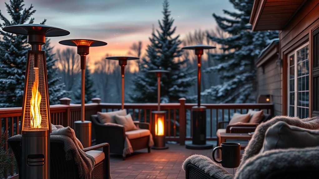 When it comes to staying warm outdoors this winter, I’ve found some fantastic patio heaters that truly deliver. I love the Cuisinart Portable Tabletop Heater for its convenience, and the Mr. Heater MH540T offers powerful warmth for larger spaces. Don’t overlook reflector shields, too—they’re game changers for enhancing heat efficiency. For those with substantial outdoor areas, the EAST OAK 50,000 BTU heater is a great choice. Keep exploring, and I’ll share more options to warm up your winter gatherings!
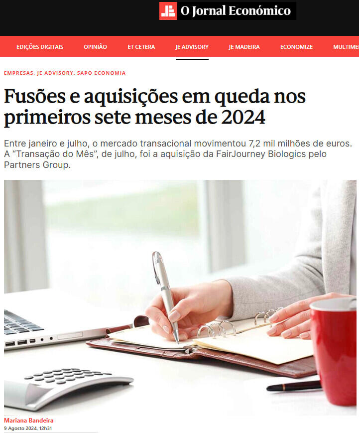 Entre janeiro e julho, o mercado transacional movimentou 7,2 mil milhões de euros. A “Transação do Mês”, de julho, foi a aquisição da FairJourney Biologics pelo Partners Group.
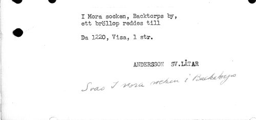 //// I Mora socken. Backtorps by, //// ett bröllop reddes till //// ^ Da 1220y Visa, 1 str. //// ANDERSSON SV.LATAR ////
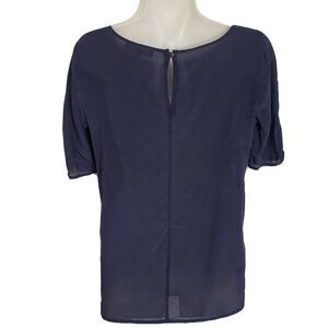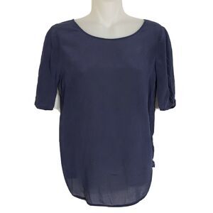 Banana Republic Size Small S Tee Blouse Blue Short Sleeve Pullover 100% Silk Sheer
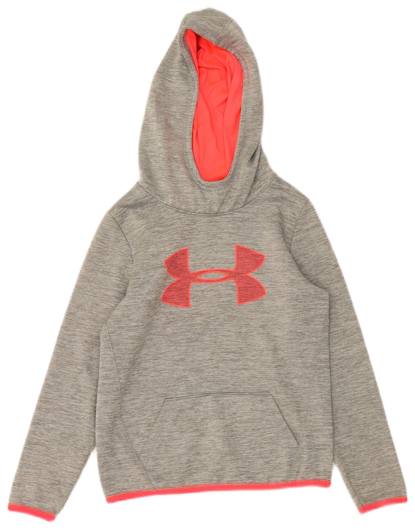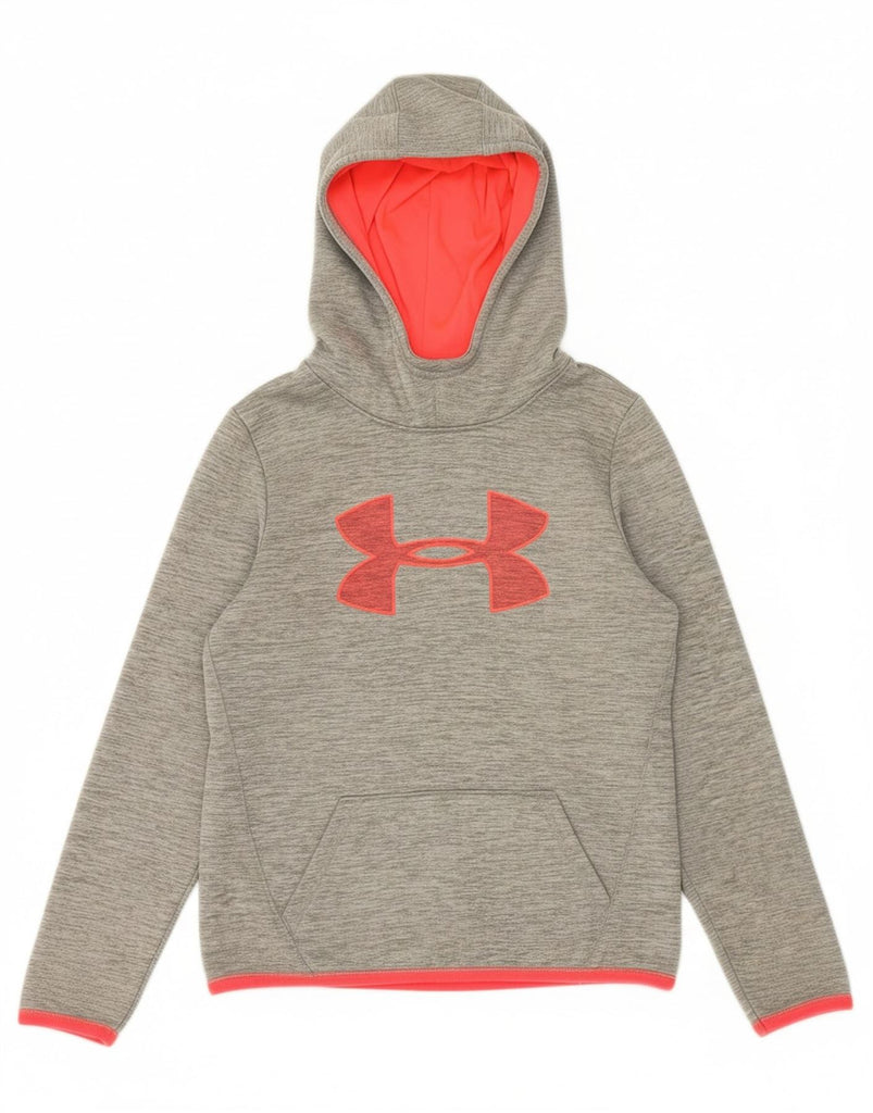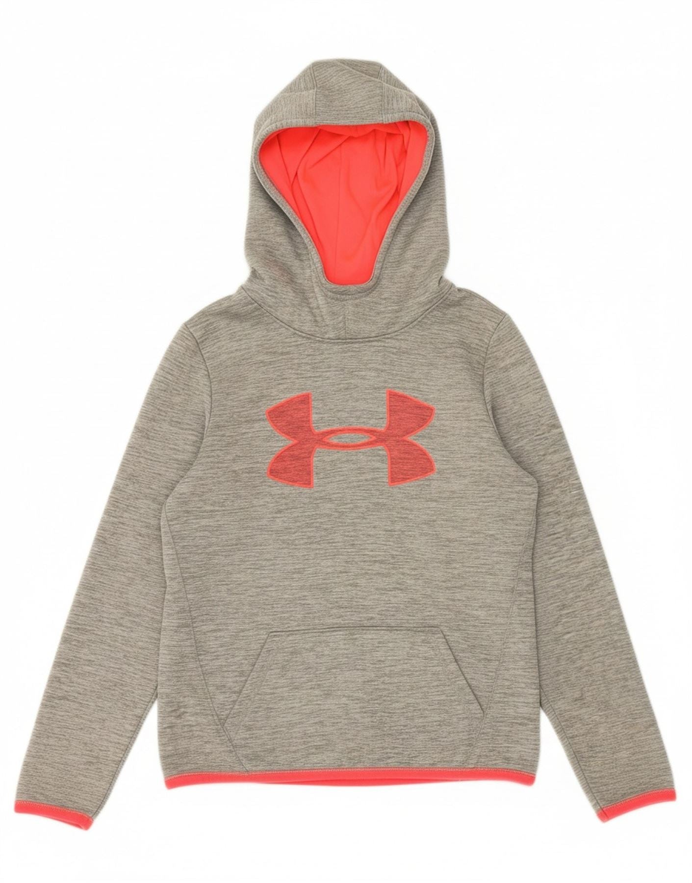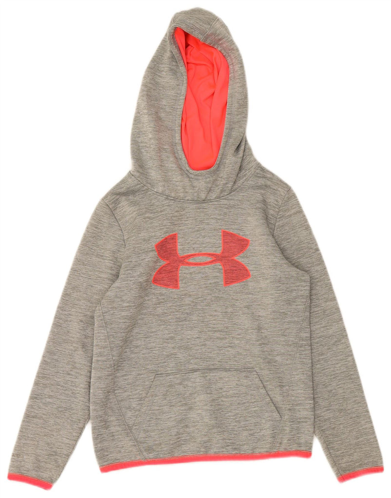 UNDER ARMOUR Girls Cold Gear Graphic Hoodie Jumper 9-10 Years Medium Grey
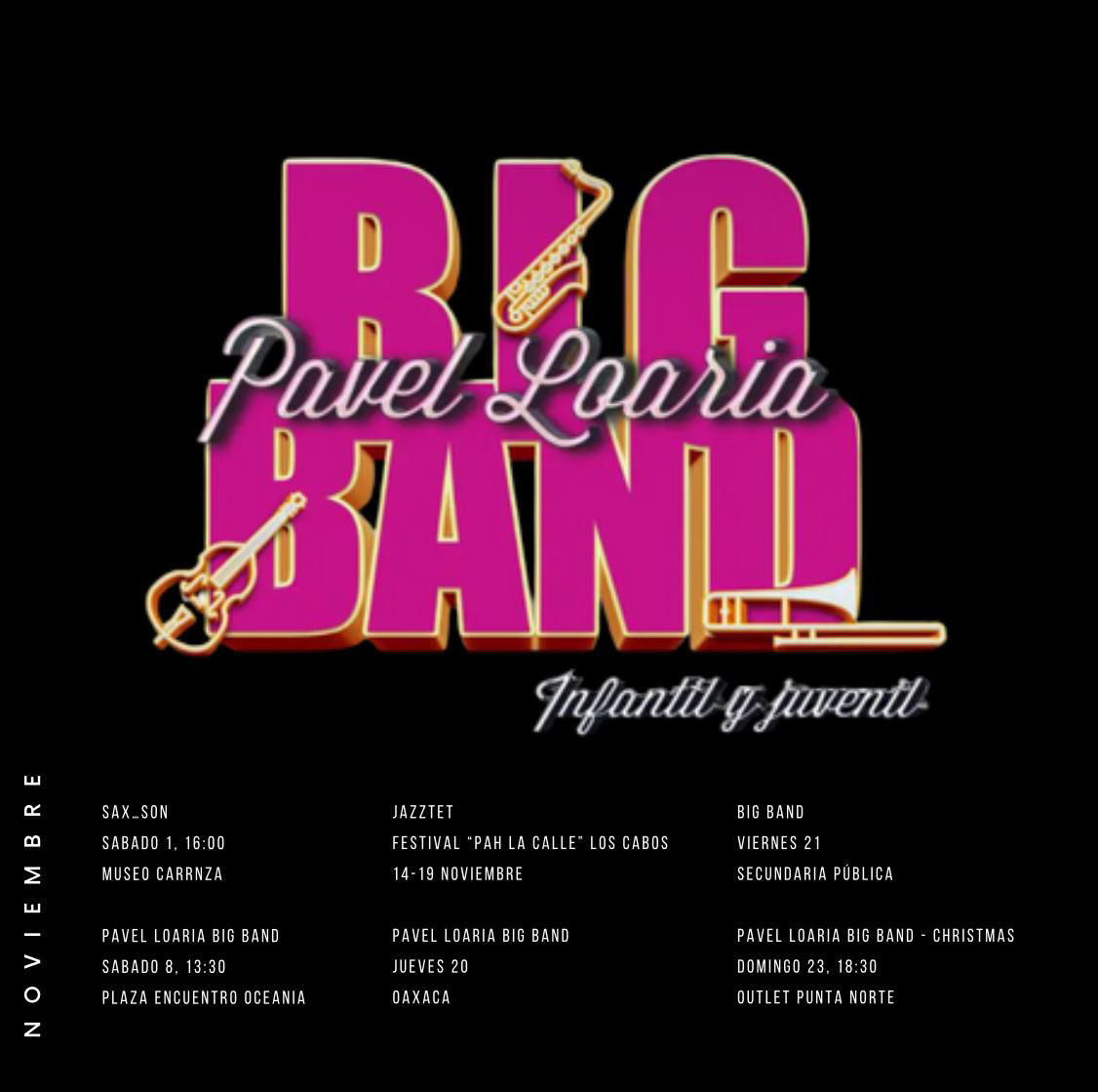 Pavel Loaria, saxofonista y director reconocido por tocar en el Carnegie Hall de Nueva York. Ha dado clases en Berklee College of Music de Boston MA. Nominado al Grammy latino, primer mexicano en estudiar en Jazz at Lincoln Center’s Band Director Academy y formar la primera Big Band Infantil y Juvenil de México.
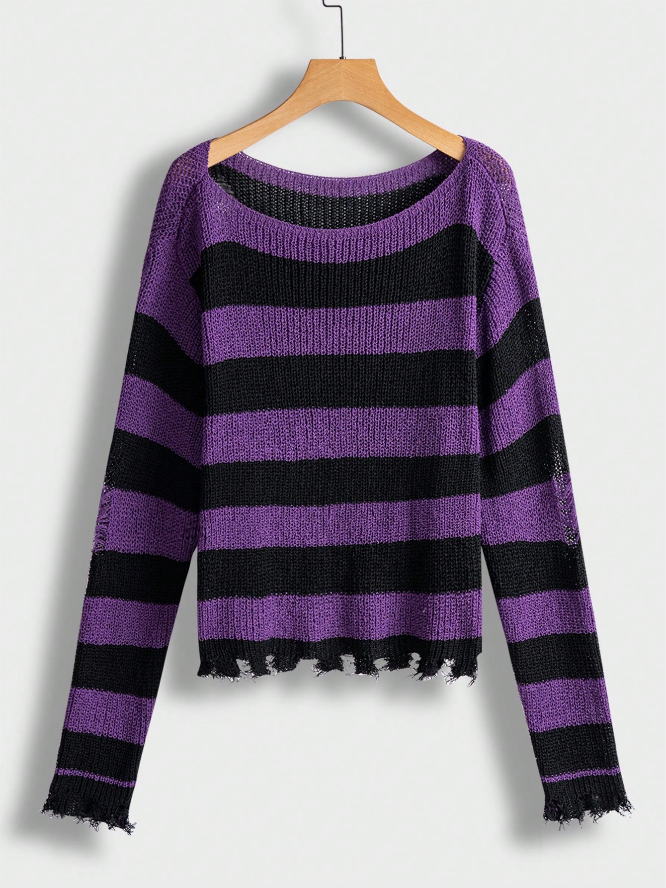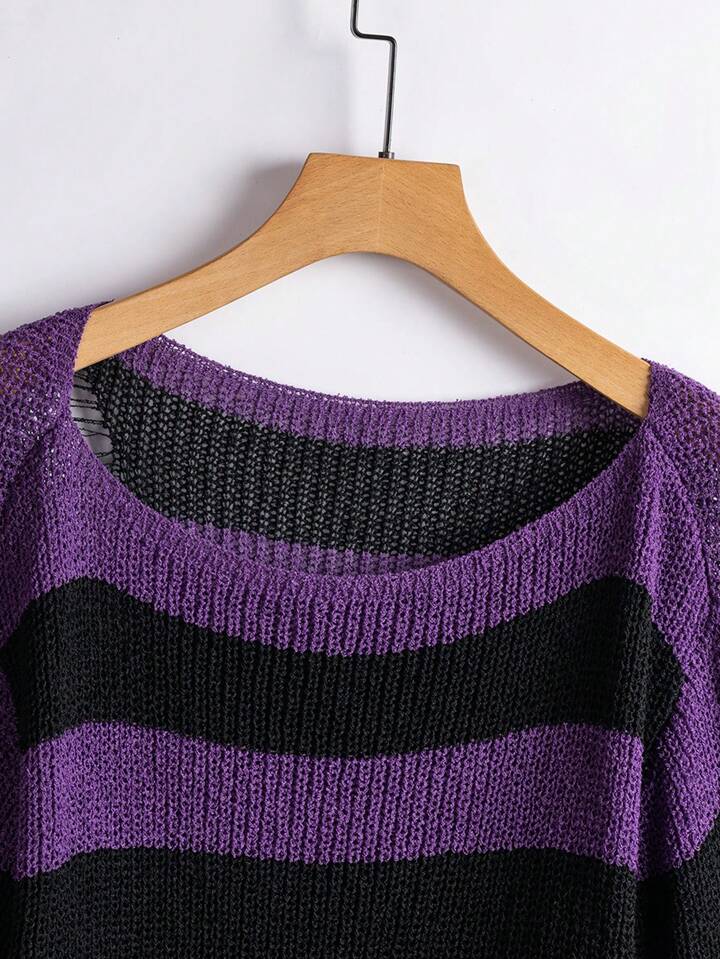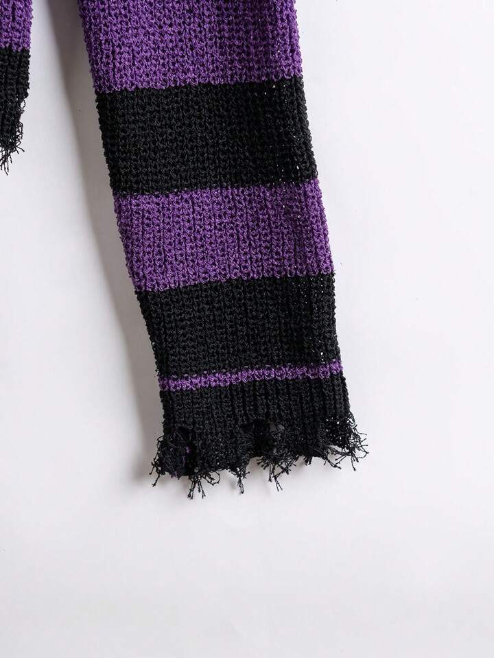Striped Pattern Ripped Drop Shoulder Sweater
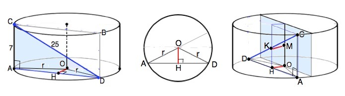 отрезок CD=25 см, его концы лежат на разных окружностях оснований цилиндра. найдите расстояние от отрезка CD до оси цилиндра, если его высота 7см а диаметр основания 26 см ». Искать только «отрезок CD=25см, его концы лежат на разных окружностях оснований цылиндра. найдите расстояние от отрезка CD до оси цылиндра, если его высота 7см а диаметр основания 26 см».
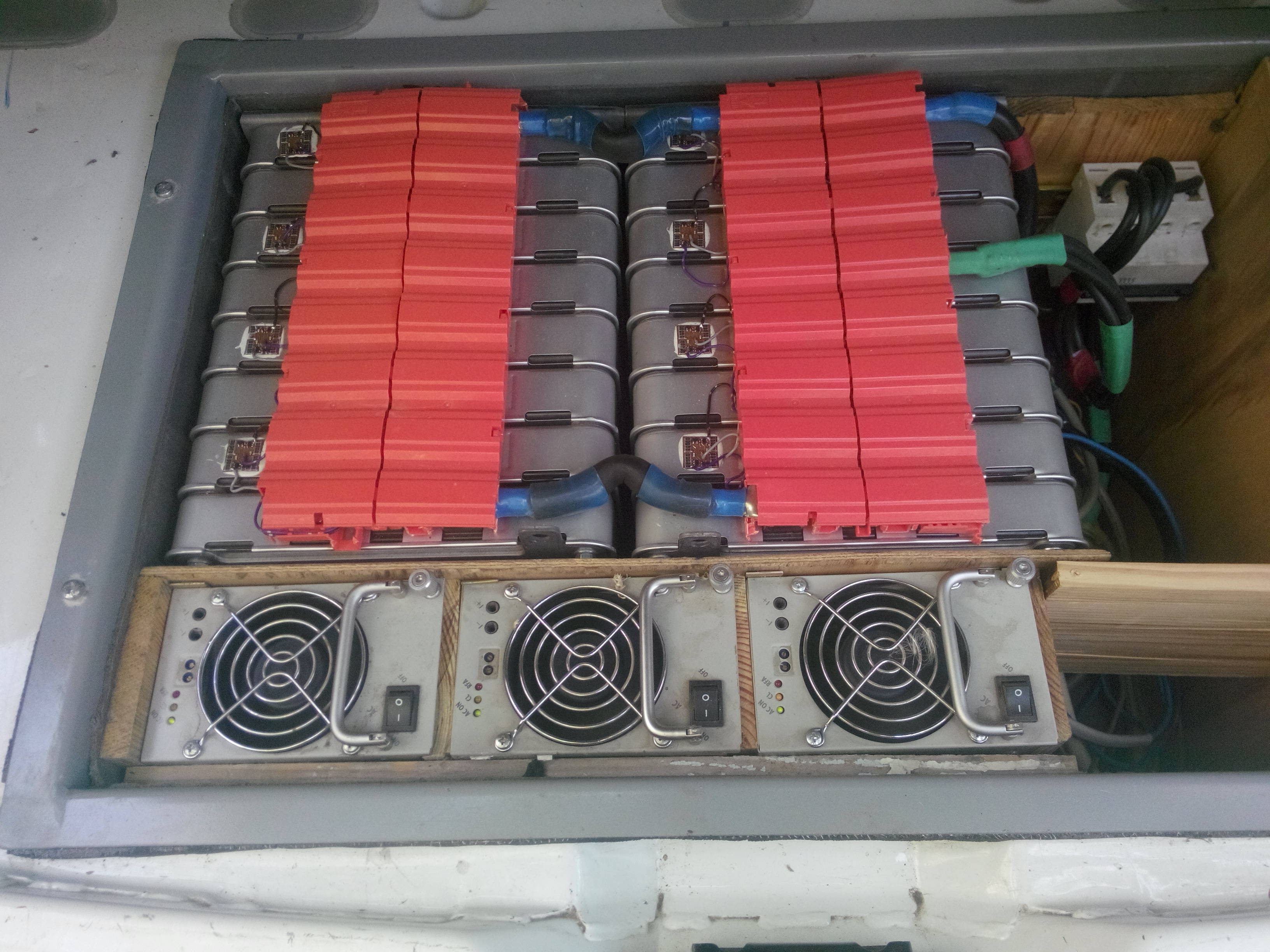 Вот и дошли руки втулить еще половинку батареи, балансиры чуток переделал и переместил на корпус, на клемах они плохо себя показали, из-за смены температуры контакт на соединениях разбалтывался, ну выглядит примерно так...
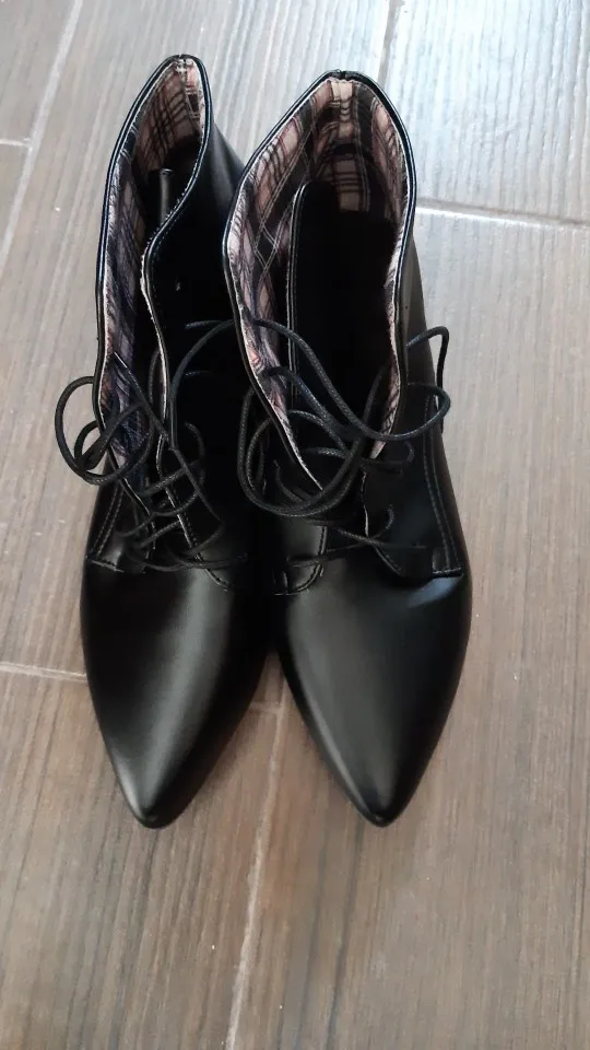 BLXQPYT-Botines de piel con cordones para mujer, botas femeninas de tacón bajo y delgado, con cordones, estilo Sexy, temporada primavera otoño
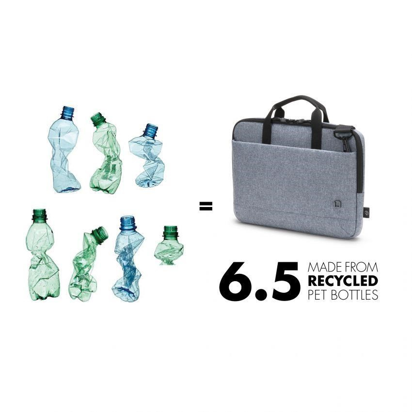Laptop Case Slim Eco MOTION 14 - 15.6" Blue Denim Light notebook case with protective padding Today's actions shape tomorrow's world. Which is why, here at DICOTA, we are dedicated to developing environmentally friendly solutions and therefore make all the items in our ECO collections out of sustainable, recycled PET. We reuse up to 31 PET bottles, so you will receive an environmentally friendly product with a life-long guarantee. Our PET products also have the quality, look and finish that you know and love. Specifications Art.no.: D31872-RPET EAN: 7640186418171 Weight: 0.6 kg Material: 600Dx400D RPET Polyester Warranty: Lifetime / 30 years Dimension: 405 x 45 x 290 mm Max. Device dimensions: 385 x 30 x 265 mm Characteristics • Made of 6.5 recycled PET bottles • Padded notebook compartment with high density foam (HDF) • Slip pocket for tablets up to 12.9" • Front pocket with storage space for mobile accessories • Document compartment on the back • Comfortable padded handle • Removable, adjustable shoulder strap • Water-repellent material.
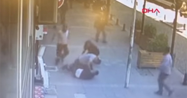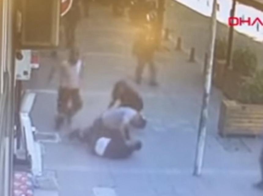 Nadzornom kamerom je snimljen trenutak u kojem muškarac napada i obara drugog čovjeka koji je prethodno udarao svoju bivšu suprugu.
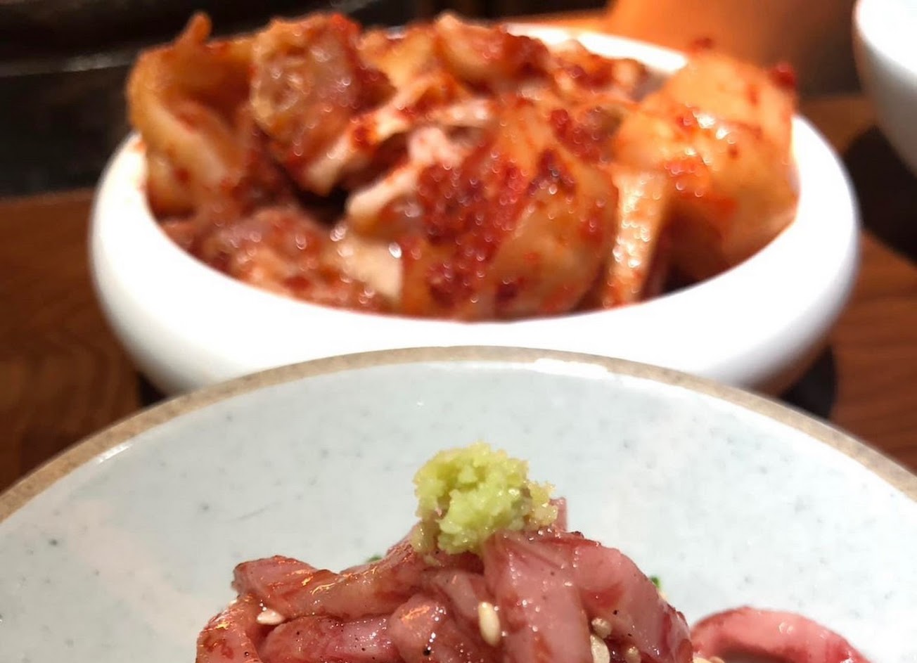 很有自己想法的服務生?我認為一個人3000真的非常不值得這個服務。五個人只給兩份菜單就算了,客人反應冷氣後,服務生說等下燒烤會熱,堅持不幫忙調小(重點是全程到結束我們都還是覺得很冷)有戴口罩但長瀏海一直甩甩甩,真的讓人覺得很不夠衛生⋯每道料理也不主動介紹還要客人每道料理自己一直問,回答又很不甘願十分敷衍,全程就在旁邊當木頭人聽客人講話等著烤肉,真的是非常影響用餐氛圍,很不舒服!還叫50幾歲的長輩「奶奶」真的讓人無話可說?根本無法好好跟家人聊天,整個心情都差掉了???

## WHAT THE EXERCISE ASKS:
Exclude the pictures and transcribe all of the entries exactly.

## RESPONSE BOX:
 When it comes to staying warm outdoors this winter, I’ve found some fantastic patio heaters that truly deliver. I love the Cuisinart Portable Tabletop Heater for its convenience, and the Mr. Heater MH540T offers powerful warmth for larger spaces. Don’t overlook reflector shields, too—they’re game changers for enhancing heat efficiency. For those with substantial outdoor areas, the EAST OAK 50,000 BTU heater is a great choice. Keep exploring, and I’ll share more options to warm up your winter gatherings!
 Entre janeiro e julho, o mercado transacional movimentou 7,2 mil milhões de euros. A “Transação do Mês”, de julho, foi a aquisição da FairJourney Biologics pelo Partners Group.
 //// I Mora socken. Backtorps by, //// ett bröllop reddes till //// ^ Da 1220y Visa, 1 str. //// ANDERSSON SV.LATAR ////
 Banana Republic Size Small S Tee Blouse Blue Short Sleeve Pullover 100% Silk Sheer
 UNDER ARMOUR Girls Cold Gear Graphic Hoodie Jumper 9-10 Years Medium Grey
 Pavel Loaria, saxofonista y director reconocido por tocar en el Carnegie Hall de Nueva York. Ha dado clases en Berklee College of Music de Boston MA. Nominado al Grammy latino, primer mexicano en estudiar en Jazz at Lincoln Center’s Band Director Academy y formar la primera Big Band Infantil y Juvenil de México.
Striped Pattern Ripped Drop Shoulder Sweater
 отрезок CD=25 см, его концы лежат на разных окружностях оснований цилиндра. найдите расстояние от отрезка CD до оси цилиндра, если его высота 7см а диаметр основания 26 см ». Искать только «отрезок CD=25см, его концы лежат на разных окружностях оснований цылиндра. найдите расстояние от отрезка CD до оси цылиндра, если его высота 7см а диаметр основания 26 см».
 Вот и дошли руки втулить еще половинку батареи, балансиры чуток переделал и переместил на корпус, на клемах они плохо себя показали, из-за смены температуры контакт на соединениях разбалтывался, ну выглядит примерно так...
 BLXQPYT-Botines de piel con cordones para mujer, botas femeninas de tacón bajo y delgado, con cordones, estilo Sexy, temporada primavera otoño
Laptop Case Slim Eco MOTION 14 - 15.6" Blue Denim Light notebook case with protective padding Today's actions shape tomorrow's world. Which is why, here at DICOTA, we are dedicated to developing environmentally friendly solutions and therefore make all the items in our ECO collections out of sustainable, recycled PET. We reuse up to 31 PET bottles, so you will receive an environmentally friendly product with a life-long guarantee. Our PET products also have the quality, look and finish that you know and love. Specifications Art.no.: D31872-RPET EAN: 7640186418171 Weight: 0.6 kg Material: 600Dx400D RPET Polyester Warranty: Lifetime / 30 years Dimension: 405 x 45 x 290 mm Max. Device dimensions: 385 x 30 x 265 mm Characteristics • Made of 6.5 recycled PET bottles • Padded notebook compartment with high density foam (HDF) • Slip pocket for tablets up to 12.9" • Front pocket with storage space for mobile accessories • Document compartment on the back • Comfortable padded handle • Removable, adjustable shoulder strap • Water-repellent material.
 Nadzornom kamerom je snimljen trenutak u kojem muškarac napada i obara drugog čovjeka koji je prethodno udarao svoju bivšu suprugu.
 很有自己想法的服務生?我認為一個人3000真的非常不值得這個服務。五個人只給兩份菜單就算了,客人反應冷氣後,服務生說等下燒烤會熱,堅持不幫忙調小(重點是全程到結束我們都還是覺得很冷)有戴口罩但長瀏海一直甩甩甩,真的讓人覺得很不夠衛生⋯每道料理也不主動介紹還要客人每道料理自己一直問,回答又很不甘願十分敷衍,全程就在旁邊當木頭人聽客人講話等著烤肉,真的是非常影響用餐氛圍,很不舒服!還叫50幾歲的長輩「奶奶」真的讓人無話可說?根本無法好好跟家人聊天,整個心情都差掉了???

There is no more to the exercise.